Музыканты в конце зала заиграли что-то мажорное, бодрое и довольно эпичное, вроде марша. Запевал перец с цитолой, и на припеве ему с энтузиазмом и фанатичным блеском в глазах подпевала вся капелла и большинство сидевших в зале горожан. При этом некоторые из них выразительно так поглядывали в нашу сторону. Я спросил Ганеля, что они поют.
— Я не очень хорошо знаю местное наречие, но это что-то вроде написанной весьма простонародным языком баллады о победах королевы Вендры, — ответил всезнайка. — Что-то о том, как бодрит ветер свободы, и как славно хрустят на зубах Волков кости имперских подонков.
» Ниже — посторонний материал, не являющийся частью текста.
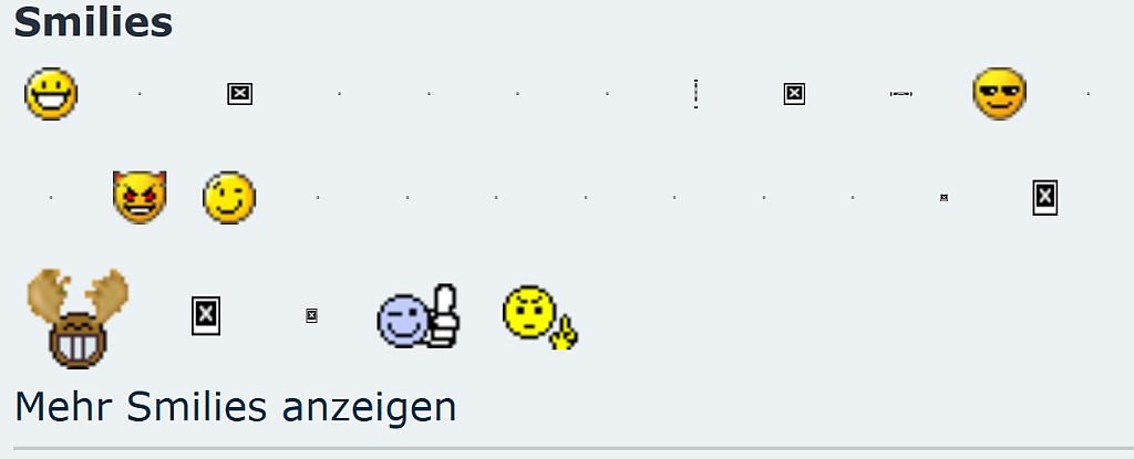 Und die Smilies sehen so aus Kann kaum am Rechner liegen, da ich nix gelöscht habe.

Остальное, извините, толком не разберу.
— Ну, меня этим не проймешь, — ответил я и допил пиво. В это мгновение к столу подошел тот самый стриженный в скобку парень, что так долго не хотел нас замечать. Он принес наше горячее.
— Пахнет замечательно, — сказал Ганель, вооружившись ложкой, потянув носом и закрыв глаза. — Давно я хотел попробовать местное пастушье жаркое!
Я кивнул, зацепил ложкой аппетитный кусочек мяса, из горшочка отправил его в рот — и понял, что не смогу съесть ни ложки этого жаркого.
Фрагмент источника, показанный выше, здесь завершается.